Helminth ova contained in the wastewater (treated or raw) and sludge can contaminate both surface (e.g. spinach and parsley) and underground (e.g. carrots and radish) crops (Navarro et al. 2009; Navarro & Jimenez 2011; Rostami et al. 2016). It has been reported that up to 90% of helminths ova present in the irrigated water can get onto green and leafy vegetables such as spinach and parsley with magnitude of 1 ovum/10 gm vegetable (Amahmid et al. 1999; Vuong et al. 2007; Navarro & Jimenez 2011). The magnitude of the contamination in subsurface vegetables, however, is much (98%) lower than in leafy vegetables (Amahmid et al. 1999). This is because the leafy vegetables like spinach, lettuce and cabbage have large contact areas for STHs ova/larvae. In addition, the magnitude of the contamination increases in the rainy season (Vuong et al. 2007) due to either flooding or shifting helminth ova/larvae from the ground to the vegetables by rain. Similarly, helminth ova present in the wastewater could accumulate in fish or shellfish through a feeding mechanism where they survive until finding the human host. The potential health risks to this groups can increase with the growing trend of eating raw vegetables and seafood for the sake of nutrients. Additionally, the international transportation of fruits, vegetables and seafood has increases the human health risks in global scale.

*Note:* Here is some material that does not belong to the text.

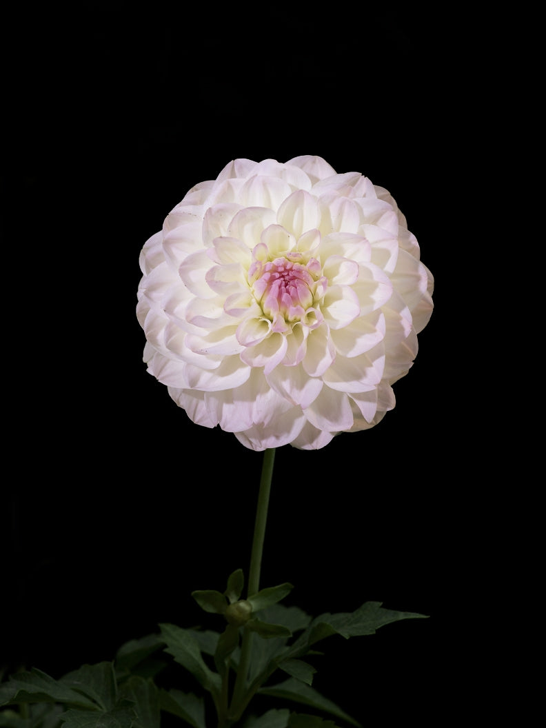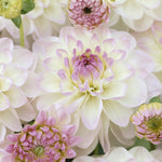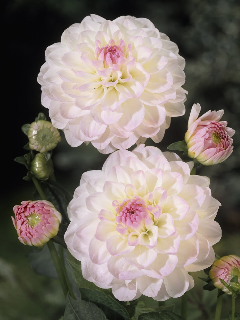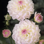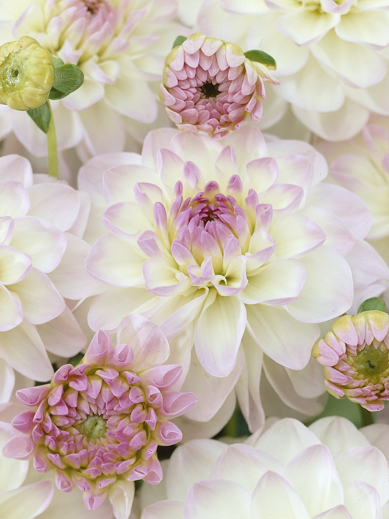 Dahlia 'Eveline' is a delightful variety that fits beautifully into a romantic garden. White flowers with a light violet center. The tips of the petals share the same violet hue. Excellent as a cut flower due to its long stems.

Gardens, parks and sporting venues that use wastewater for irrigation and waterways contaminated with wastewater runoff can contain viable helminth ova. Using those land or waterways for recreational activities is another indirect way of human exposure to helminth ova/larvae present in wastewater (Horweg et al. 2006; Moubarrad & Assobhei 2007; King 2010). It has been demonstrated that school-aged children playing in a wastewater-irrigated park had an 18% higher rate helminths infection than those did not used the park (Moubarrad & Assobhei 2007). Pets, especially dogs, can carry helminth ova/larvae home from outside where there is helminth contamination (Gyawali et al. 2013), and thereby transmit to humans. This issue however, can be reduced by adopting good hygiene practices.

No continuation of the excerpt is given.